[Work to be completed]
You are asked to reproduce the listing exactly and to omit its pictures.
*** Dataset excerpt
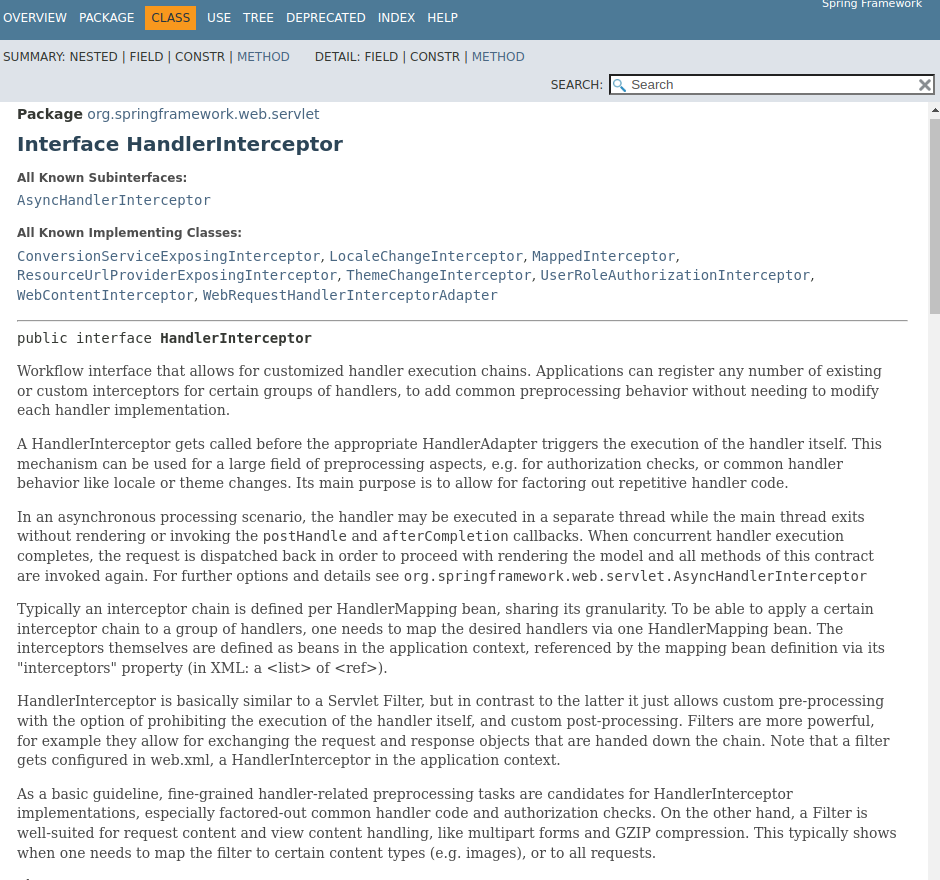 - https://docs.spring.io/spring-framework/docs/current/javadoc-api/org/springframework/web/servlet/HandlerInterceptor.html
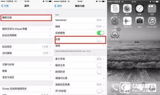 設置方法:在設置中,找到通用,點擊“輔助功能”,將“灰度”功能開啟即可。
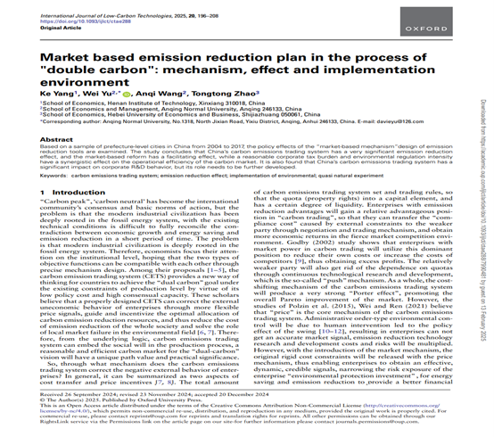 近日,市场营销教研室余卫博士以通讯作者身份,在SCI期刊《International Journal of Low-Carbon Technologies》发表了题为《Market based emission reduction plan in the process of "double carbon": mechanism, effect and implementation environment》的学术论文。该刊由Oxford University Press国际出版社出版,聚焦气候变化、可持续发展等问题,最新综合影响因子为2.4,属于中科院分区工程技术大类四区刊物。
******
[Result]
 - https://docs.spring.io/spring-framework/docs/current/javadoc-api/org/springframework/web/servlet/HandlerInterceptor.html
 設置方法:在設置中,找到通用,點擊“輔助功能”,將“灰度”功能開啟即可。
 近日,市场营销教研室余卫博士以通讯作者身份,在SCI期刊《International Journal of Low-Carbon Technologies》发表了题为《Market based emission reduction plan in the process of "double carbon": mechanism, effect and implementation environment》的学术论文。该刊由Oxford University Press国际出版社出版,聚焦气候变化、可持续发展等问题,最新综合影响因子为2.4,属于中科院分区工程技术大类四区刊物。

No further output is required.